[annotator-dev] Technical Description of Annotator as part of Prize application
Rufus Pollock
rufus.pollock at okfn.org
Tue Jul 26 15:40:15 UTC 2011
On 25 July 2011 16:59, James Harriman-Smith
<james.harriman-smith at okfn.org> wrote:
> Hi,
> Along with a friend in the Public Domain Working Group, I've been preparing
> an application for a prize called 'inventing the future' as a way of
> promoting the annotator. One section of the form requires a one-page
> technical description of how the annotator works, and I wondered if you,
> Nick, or someone else on this list, could provide it. The description must
> comprise of two elements:
> - the details (the form has 'technical features and components')
> - a little on how such technology is innovative.
See answers below. Let me know if these are sufficient. I guess we
could probably add these to github wiki too ...
[...]
Rufus
Technical Details of the Annotator
The Annotator project provides a suite of tools and services for easy
online, inline “annotation” of online texts. The annotation service
provides for collaborative research, personal and social note-taking,
a modern approach to copy-editing, with (almost) no restrictions on
the location of the annotated text.
Specifically the project has:
* Open annotation protocol - simple JSON and REST-based
* Javascript library utilizing this protocol which adds annotation
support into any web-page with one line of javascript (or a
bookmarklet). This deals with the idiosyncrasies of different
browsers, and provides a UI for creating and interacting with
annotations.
* Backend annotation store where annotations are persisted and which
can provide third-party websites with storage for annotations on their
own texts. This is a server platform for storing annotations and
managing authorisation of users creating annotations. This platform
serves two main purposes: a) acting as a Service Provider for
Consumers such as Open Shakespeare, Open Data Commons, P2PU, etc.
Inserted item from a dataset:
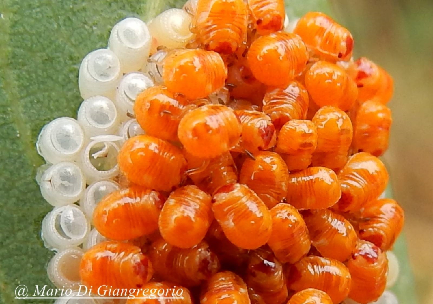 Ou cela ressemble aux Nezara.Bien rouge.Je ne sais pas si c'est le stade avancé avant chromatogénèse, mais ce sont bien des Hétéroptères sortant des œufs.

These projects will provide their users with texts to be annotated,
and these annotations will be stored by the Service Provider b) Acting
as a web application where users can sign up to store their
annotations on websites across the web. They will be able to install a
bookmarklet on their browser which will inject relevant code into any
page, allowing them to create annotations and save them (via CORS) to
the annotation service.
A (fairly) recent blog post:
http://blog.okfn.org/2011/05/12/the-annotator-preview/
## How it is innovative
The Annotator is the only opensource up-to-date library that delivers
easy, online annotation in a standards compliant, cross-browser
manner.
Prior to Annotator there were no good opensource tools out there to do
annotation across the web. There are several commercial offerings
(e.g. annotation in Google Docs), and there have been open source
attempts such as W3C’s Annotea, FSF’s Stet, marginalia, and co-ment
but none of these achieve all the goals we set out above. In addition,
many of the above are built for relatively small documents -- Stet was
designed for receiving comments on the then-draft GPLv3 -- scaling to
annotations across an entire Shakespeare play is a different matter
entirely.
There are several recent and emerging technologies (Cross-Origin
Resource Sharing, HTML5’s postMessage) which make annotation across
the web achievable for the first time. The tools described above make
use of the best of these in service of this goal.